── THE INPUT ──

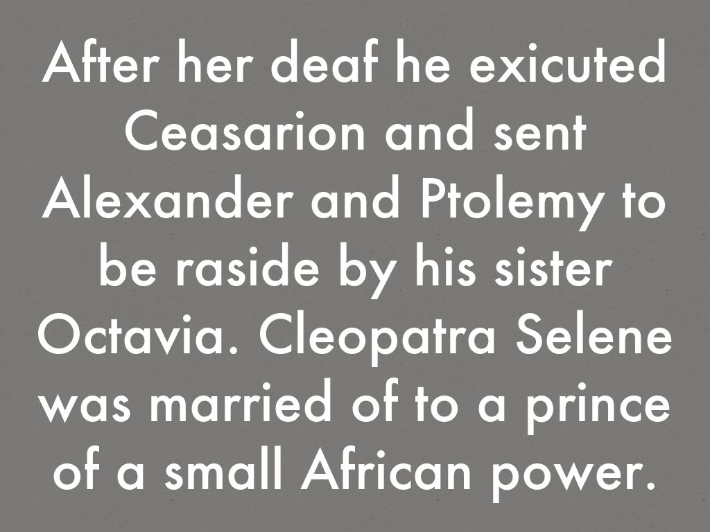 After her deaf he exicuted Ceasarion and sent Alexander and Ptolemy to be raside by his sister Octavia. Cleopatra Selene was married of to a prince of a small African power.
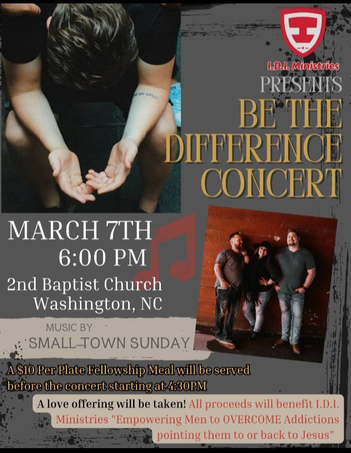 - Saturday, March 7th at Second Baptist Church in Washington, North Carolina
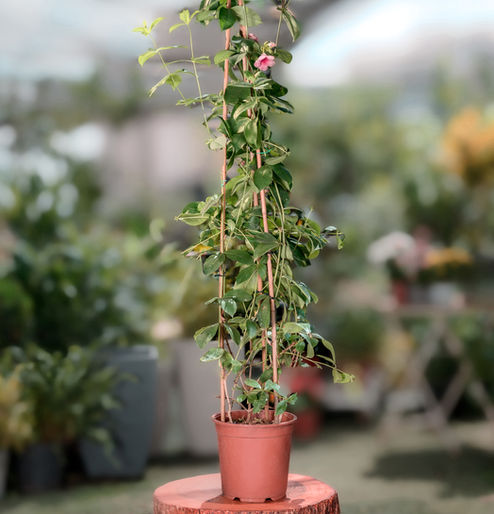 מטפס מרהיב עם פרחים גדולים ובולטים בגווני ורוד או צהוב, מוסיף צבע חיוני.
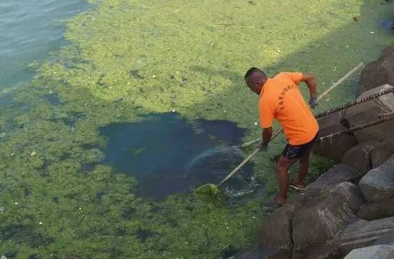 近日,大连星海湾浴场及周边海域突然出现了约千余平方米的绿色海藻,面积之大属近年来罕见,星海湾浴场管理部门专业人员不到 12 个小时的时间里清理出 10 余吨。
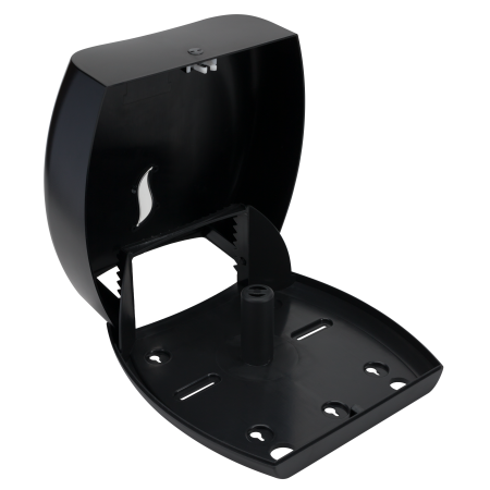 Диспенсер выполнен из ударопрочного пластика ABS черного цвета. Оригинальное смотровое окно в виде листка позволяет контролировать наличие бумаги в диспенсере.
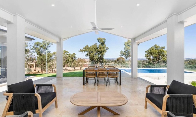 Enjoy some quiet time in a beautiful rural Riverina setting, just 12 minutes from the main street of Wagga. Offering peace, privacy, and picturesque views, this modern country home is surrounded by 30 acres of countryside. It is a luxurious retreat for small or large families and groups of friends. Take a dip in the pool, appreciate the spectacular sunsets, or cosy up by the fireplace at night.
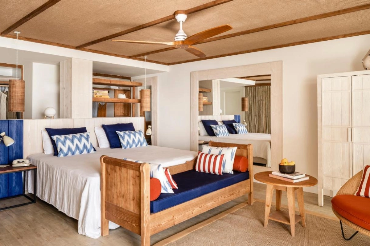 The 155 rooms, inspired by local aesthetics, feature air-conditioned comfort, flat-screen TVs, minibars, and private bathrooms with premium toiletries. Many open to balconies with stunning sea views, blending contemporary elegance with island tranquility, creating inviting spaces for relaxation.
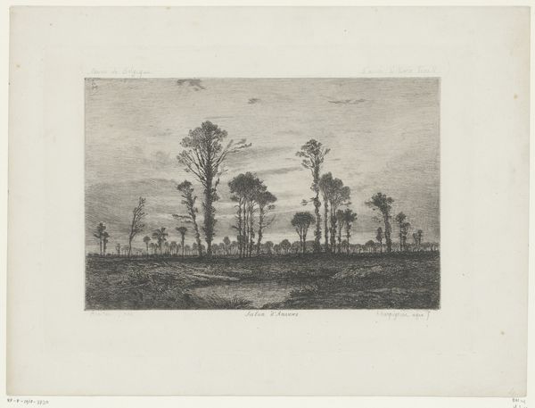Carel Nicolaas Storm van 's-Gravesande created this print, ‘Bosrand bij Kalmthout’, using etching techniques. The verticality of the trees strikes the eye, evoking a yearning to bridge the earthly and the transcendent. This motif, the tree, transcends mere arboreal representation. Consider its echoes through time. In ancient mythologies, the tree is the axis mundi, connecting underworld, earth, and sky. The Nordic Yggdrasil or the Tree of Knowledge in the Garden of Eden both embody the vital link between realms, a cosmic pillar. Here, these trees stand on the edge of this 'Bosrand bij Kalmthout,' a frontier between known and unknown. They stir deep within us a collective memory of nature's primal power, of forests as both refuge and places of fear. In this landscape, the trees invite a meditation on nature's enduring presence and its reflection in our shared human consciousness.
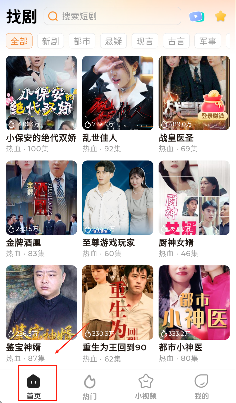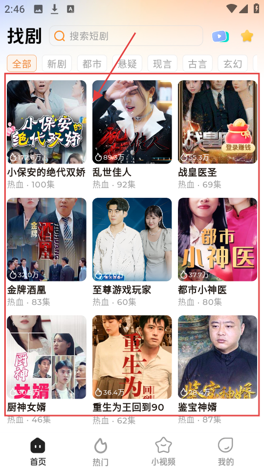 1、打开APP,在找剧页面选择目标短剧,比如【小保安的绝代双娇】,点击进入播放页面啦。
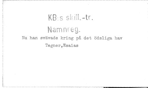 //// KB: s //// Namnreg. //// Nu han svävade kring på det ödsliga hav Tegner,Esaias ////
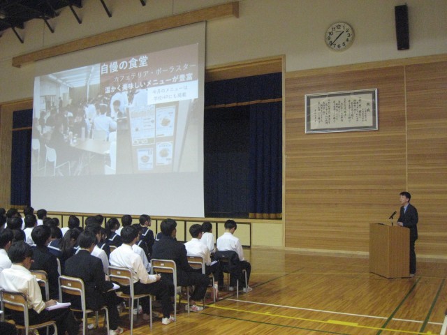 富山高校、八尾高校、富山工業高校、富山商業高校、富山いずみ高校の5校を招き、説明していただきました。どんな学習をしているか。どんな資格が取れるのか。進学先や就職先としてどんなところがあるのか。たくさんの話を聞き、今後の進路選考の参考になりました。
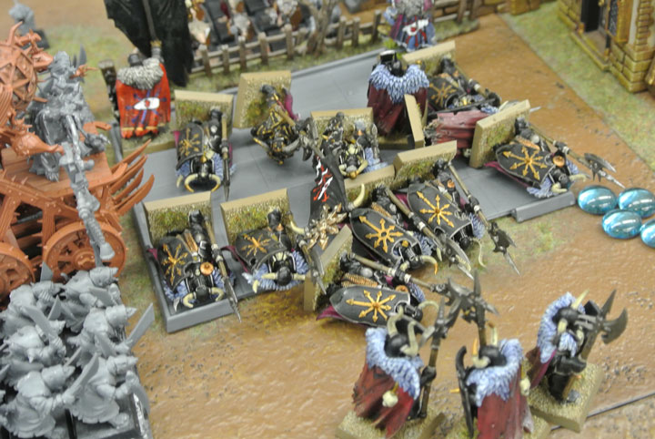 プレーグファーネスと共に進軍してきたプレーグモンク達に側面を取られ、ケイオスウォーリアー部隊は瓦解した。彼らの鋭い前歯は堅牢なケイオスアーマーさえも貫き、肉片を一切残さず彼らの餓えを満たす糧食へと成り代わる。サマンスレイヴは鼠人間共の隙を突いて脱出する事に成功したが、彼の部下は残さず彼らの胃袋へと収まった。
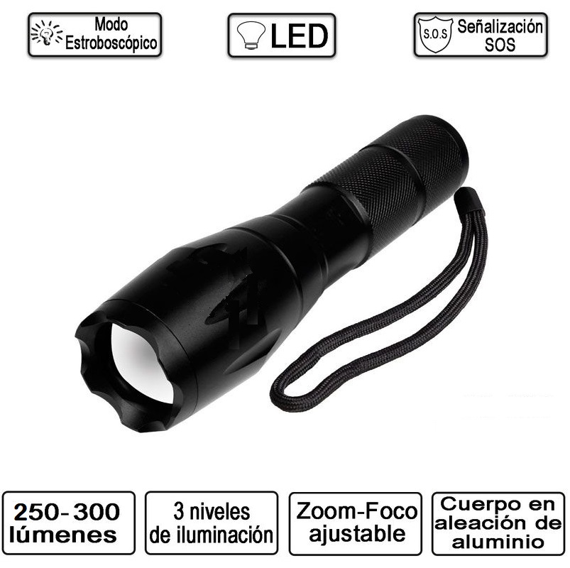 Linterna Led con zoom-foco ajustable 250Lm en aluminio negro con tres niveles de iluminación, modo estroboscópico y señalización SOS.
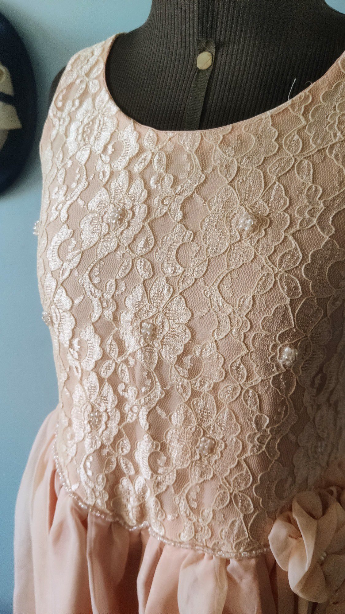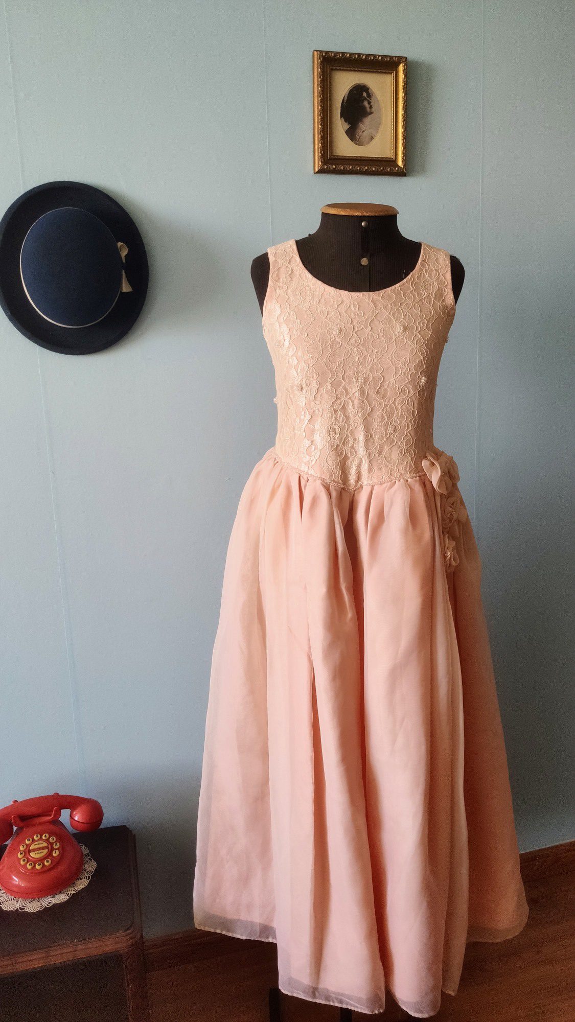 Vestido vintage em tom rosé suave, provavelmente utilizado como vestido de debutante ou festa, com estética delicada e romântica. O corpo apresenta renda trabalhada sobreposta, criando textura e feminilidade, enquanto a saia em tecido leve e fluido traz movimento e leveza ao caminhar.
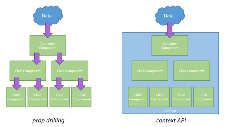 중간과정에서 의미없는 props 전달만 하는 일이 생길 수 있다는 문제가 있었고,
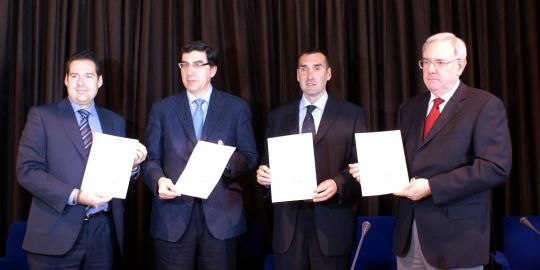 En el acto de entrega estuvieron presentes Ramiro Mejía Carvana, representante de Lloy’s Register Quality Assurance,Ignacio López-Chaves Castro, presidente Autoridad Portuaria de Vigo, Francisco Vuelta Fernández, presidente de la Corporación de Prácticos del Puerto y Ría de Vigo y Juan José Escolar Calzón capitán marítimo.
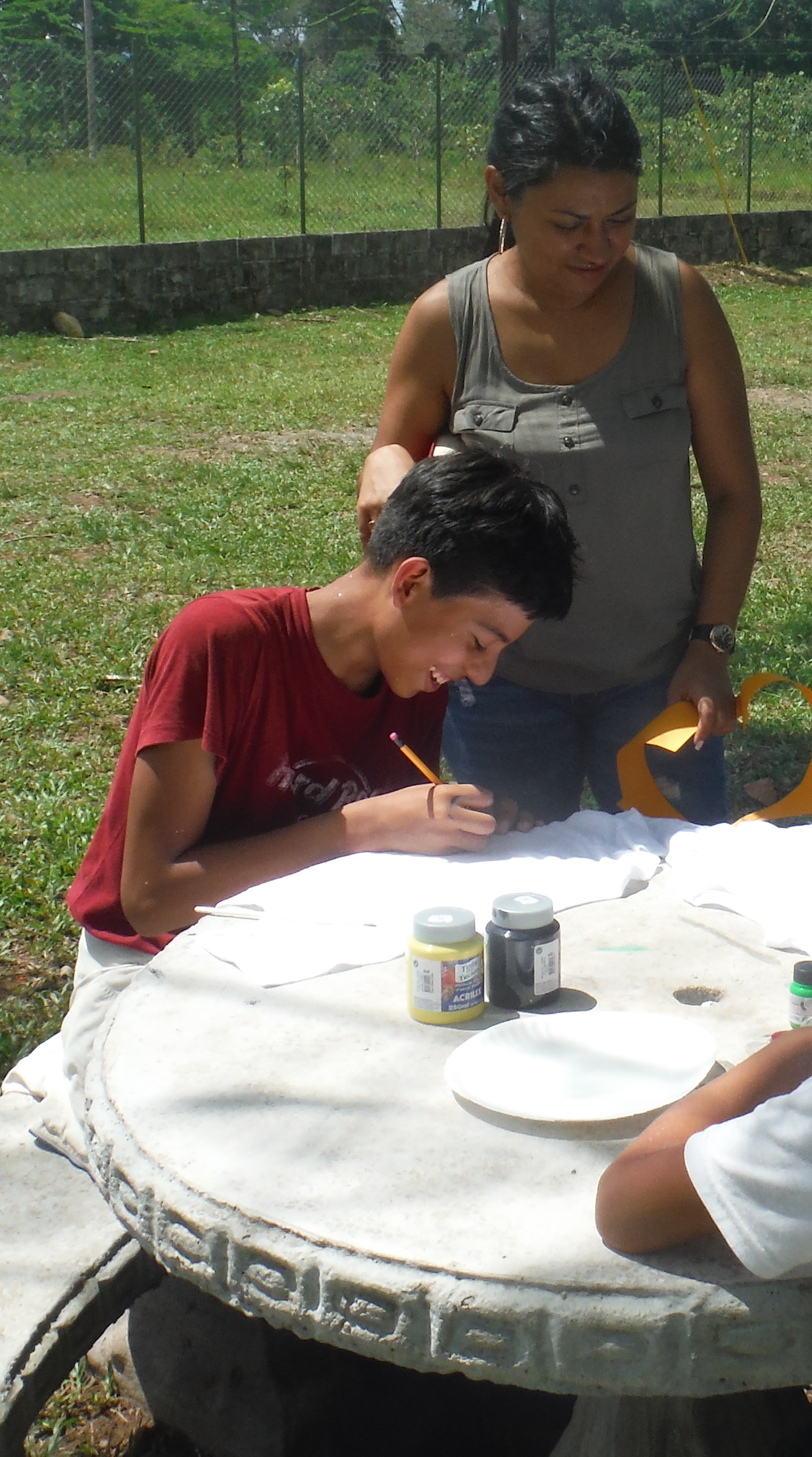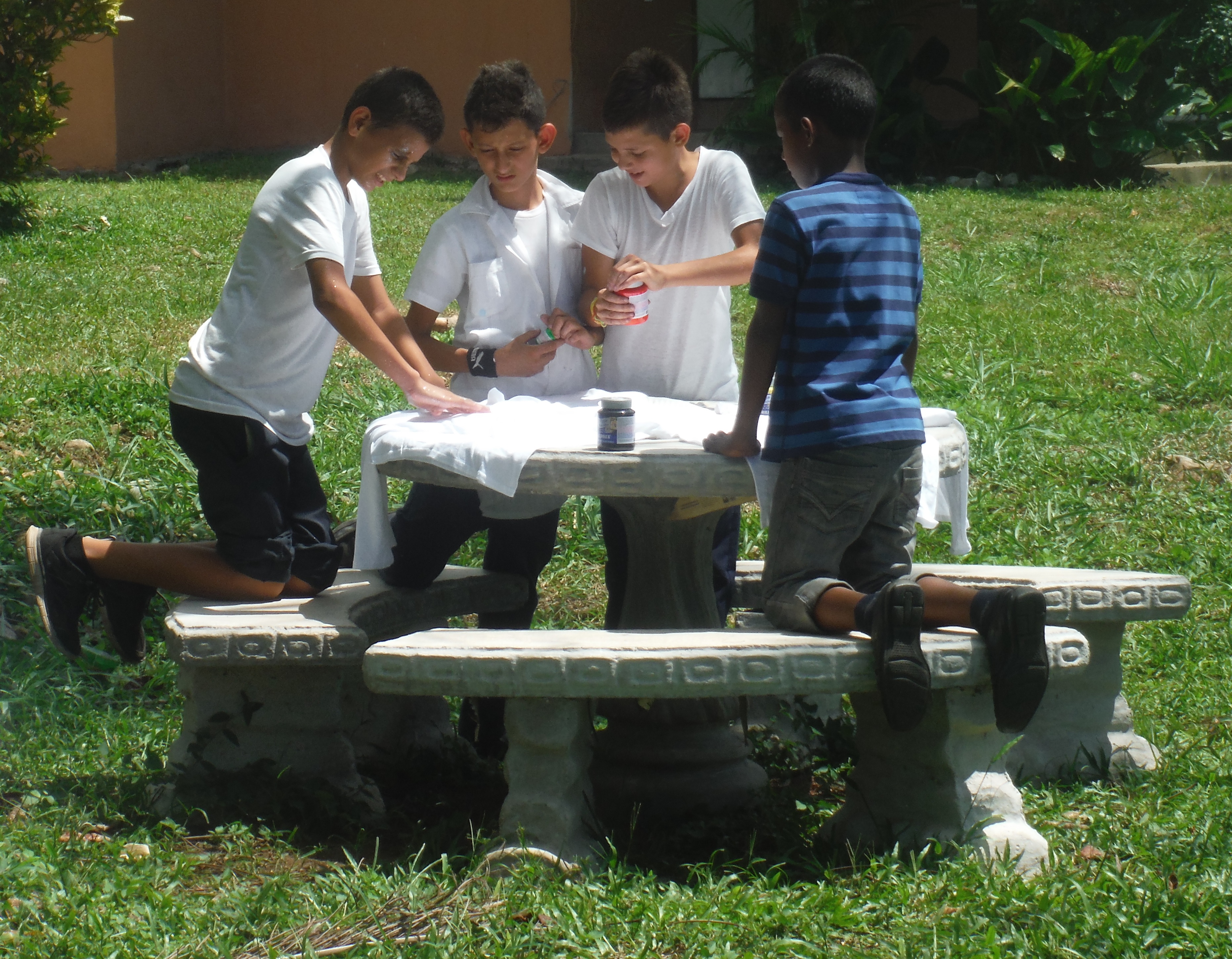 Miss Ligia and Darwin in our front yard with a few of the Art Club students painting t-shirts at one of our concrete tables
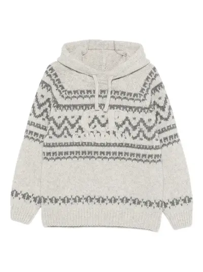 light grey patterned drawstring hood long sleeves knitted construction
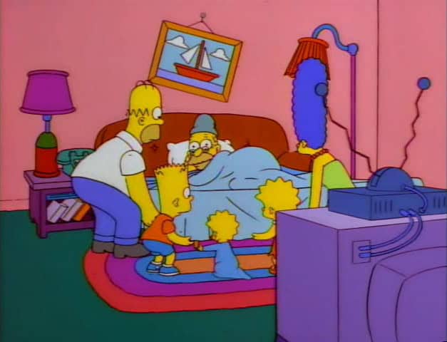 „Die Familie findet Opa schlafend auf der Couch, die mit einem Klappbett ausgestattet ist. Sie klappen das Bett hoch, ignorieren Opas „Hä?“ und setzen sich wie gewohnt hin.“
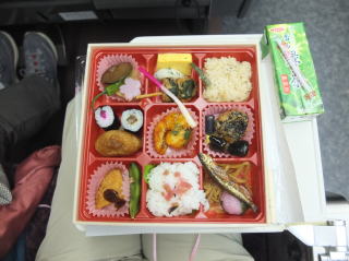 列車が発車してまもなく、特製秘境駅弁当が配られた。 パッケージに秘境号の写真と秘境駅6駅のイラストが入れてあり、バックは平岡ダムでまとめてある。 山菜の天ぷらなども入っていて、いなり寿司やかやくご飯なども詰めてあり、けっこうボリュームのある弁当だった。 |
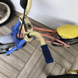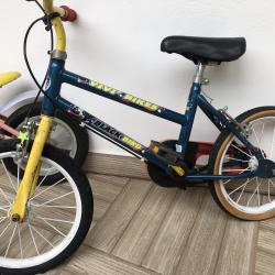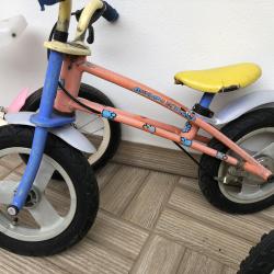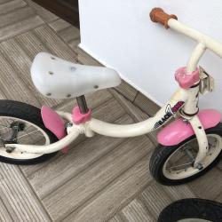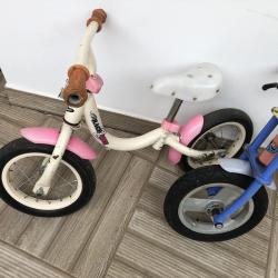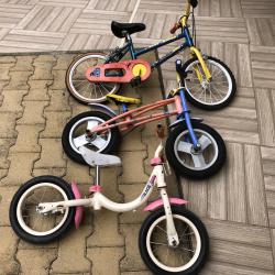 Race Zone 12 цола цвят-бяло/розово добро състояние-цена-30 лв. Brummi Bar 12 цола цвят-оранжево/син алуминиево задна ръчна спирачка добро състояние-цена-40 лв. Vivy Bikes 16 цола цвят-син/жълт спукани вътрешни гуми предна и задна ръчна спирачка за дете на 5-6 години цена-35 лв. внесени са от чужбина
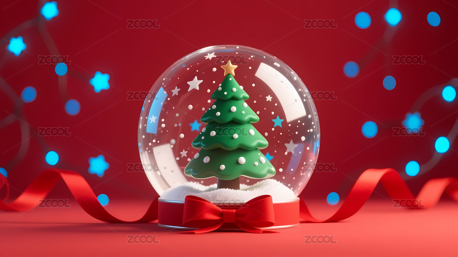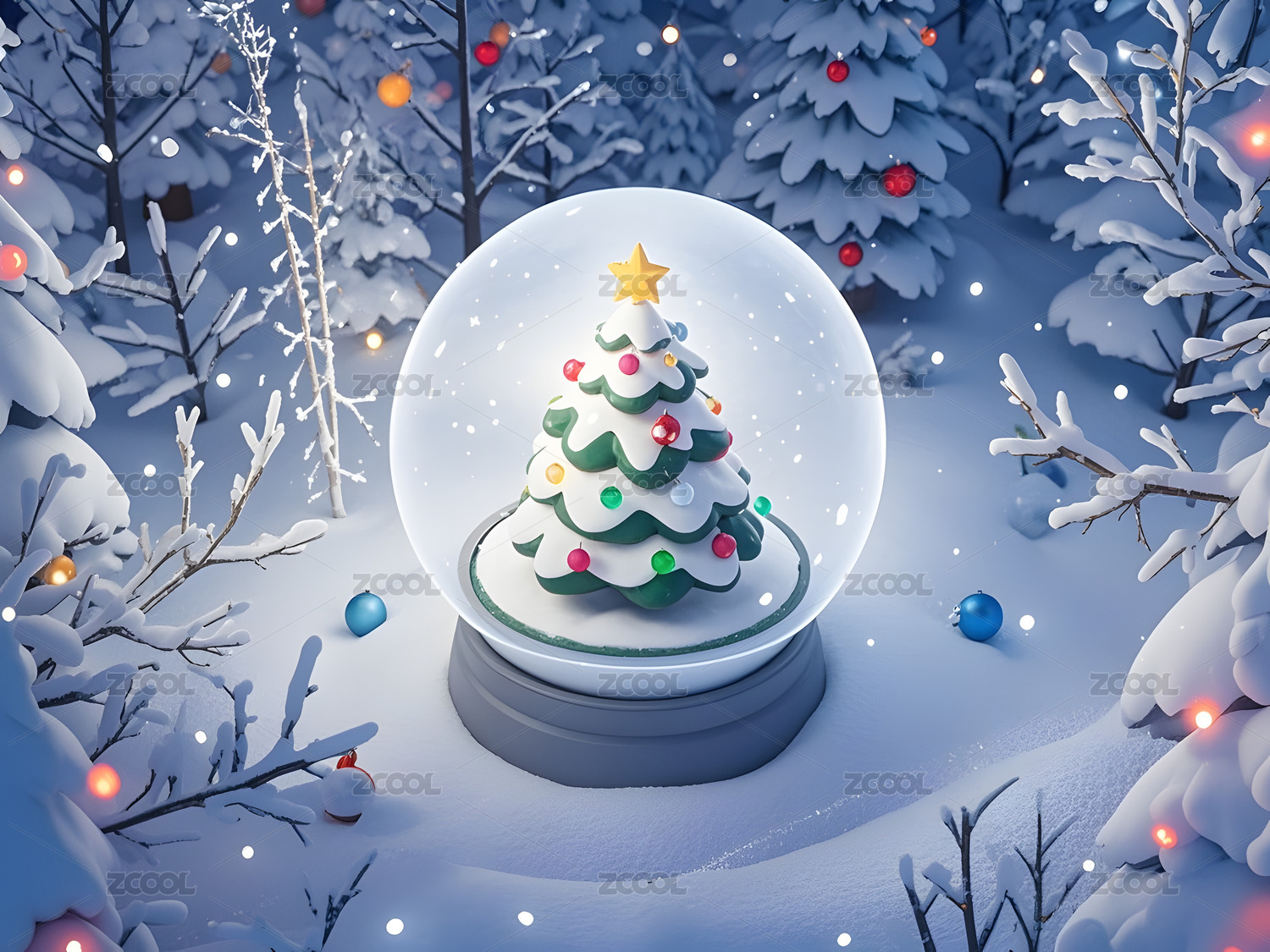 雪花玻璃球与圣诞树主题

───

◆ **WHAT THE TASK ASKS**
The lines from the one containing "light grey patterned" through the last line of the records are what you should copy, word for word and nothing else, with pictures left out.

◆ **THE ANSWER**
 light grey patterned drawstring hood long sleeves knitted construction
 „Die Familie findet Opa schlafend auf der Couch, die mit einem Klappbett ausgestattet ist. Sie klappen das Bett hoch, ignorieren Opas „Hä?“ und setzen sich wie gewohnt hin.“
 列車が発車してまもなく、特製秘境駅弁当が配られた。 パッケージに秘境号の写真と秘境駅6駅のイラストが入れてあり、バックは平岡ダムでまとめてある。 山菜の天ぷらなども入っていて、いなり寿司やかやくご飯なども詰めてあり、けっこうボリュームのある弁当だった。 |
 Race Zone 12 цола цвят-бяло/розово добро състояние-цена-30 лв. Brummi Bar 12 цола цвят-оранжево/син алуминиево задна ръчна спирачка добро състояние-цена-40 лв. Vivy Bikes 16 цола цвят-син/жълт спукани вътрешни гуми предна и задна ръчна спирачка за дете на 5-6 години цена-35 лв. внесени са от чужбина
 雪花玻璃球与圣诞树主题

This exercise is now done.